Niño desconocido como Thomas Chatterton. Grabado de John Alais

 

Thomas Chatterton (Bristol, 20 de noviembre de 1752 – Londres, 24 de agosto de 1770) fue un poeta del prerromanticismo inglés. Fue tal vez el más precoz de los grandes poetas de Occidente, empezó a escribir versos a los 11 años, creó un poeta antiguo al que llamó Thomas Rowley, le atribuyó poemas  que él mismo iba inventando,  inventó su biografía, inventó unos poetas paralelos que eran amigos de Rowley, escribió la correspondencia entre ellos, los comentarios de sus obras, habló de sus traducciones, y puso a Inglaterra a asombrarse con unos poetas del pasado que en realidad iban saliendo de su mente febril y de sus manos niñas desesperadas por salvar a su familia del hambre.

Chatterton aprendió a leer pasados los siete años y murió antes de haber cumplido los dieciocho, tras haber realizado una falsificación literaria portentosa que engañó a diversos eruditos y le transformó en una legendaria figura del Romanticismo.

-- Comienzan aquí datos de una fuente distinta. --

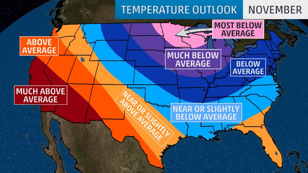 "Given the higher confidence in a notably cold pattern in at least the first half of November, we’ve cranked up the magnitude of our negative anomalies, but have maintained the same general shape of the pattern," said Dr. Todd Crawford, chief meteorologist at The Weather Company.
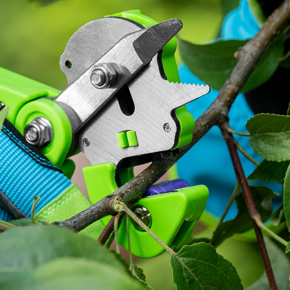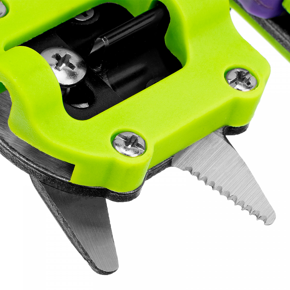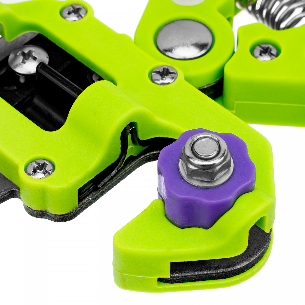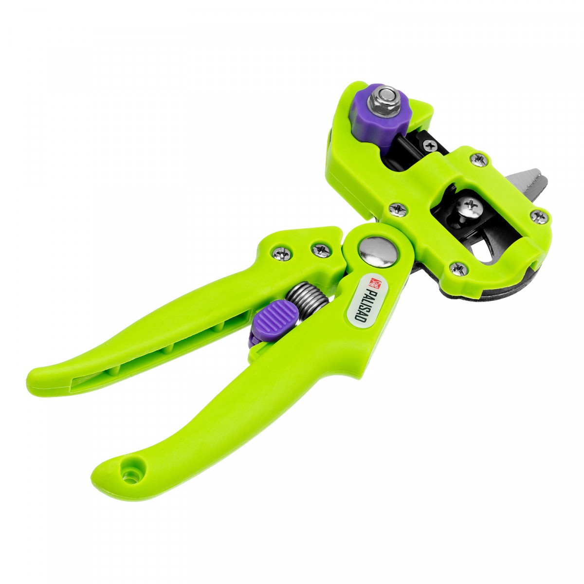Прививочный секатор Palisad 60502 длиной 215 мм, со сменными ножами, используется для прививки плодовых растений черенком. Фигурные ножи секатора изготовлены из рессорно-пружинной стали, поэтому обладают высоким ресурсом (рассчитаны на 5000 срезов без дополнительной заточки). В комплекте U-образный, V-бразный и Ω-образный ножи, что позволяет работать с черенками различной толщины и плотности. Вырезы, сделанные на подвое и привое, идеально совместимы друг с другом, дополнительная подгонка им не требуется.

Fue un autodidacta de principio a fin: para lo primero usó una Biblia de grandes letras negras; para lo segundo arsénico…Antes de la Biblia, su familia lo consideraba un idiota; después del arsénico, el mundo lo considera un genio…
Porque en esa escasa década de «vida alfabetizada», el poeta se convirtió en una de las figuras mas endiosadas por el Romanticismo.

Era huérfano de padre. Expulsado del colegio a los cinco años dándolo por inútil. Se entregó a la lectura de forma febril. Según relato de su hermana, a los ocho leía todo el día, ya fuera sobre heráldica, astronomía, medicina, música, etc. Pero su voracidad no tenía por objeto el saber, sino la fama, con el fin de sacar de la miseria a su familia. Leyó unos viejos pergaminos del siglo XV que habían sido vendidos al peso por una iglesia para hacer moldes de costura y asimiló su lenguaje.

A los once años compuso la égloga Eleonure y Juga. Alegó –y le creyeron– que se trataba de un viejo manuscrito del siglo XV. Su autor –precisó Thomas– era el monje medieval Thomas Rowley, que, como es natural, no existía. Era uno de los primeros heterónimos de la historia. Siguió con sus falsificaciones medievales, y por ejemplo hizo para un conde una genealogía familiar que iba «desde la Conquista normanda hasta nuestros días», con todo tipo de referencias y notas a autoridades y libros inexistentes y la reproducción del presunto escudo de armas de la familia; ganó por ello 5 chelines. Días más tarde amplió la genealogía y se ganó otros cinco chelines.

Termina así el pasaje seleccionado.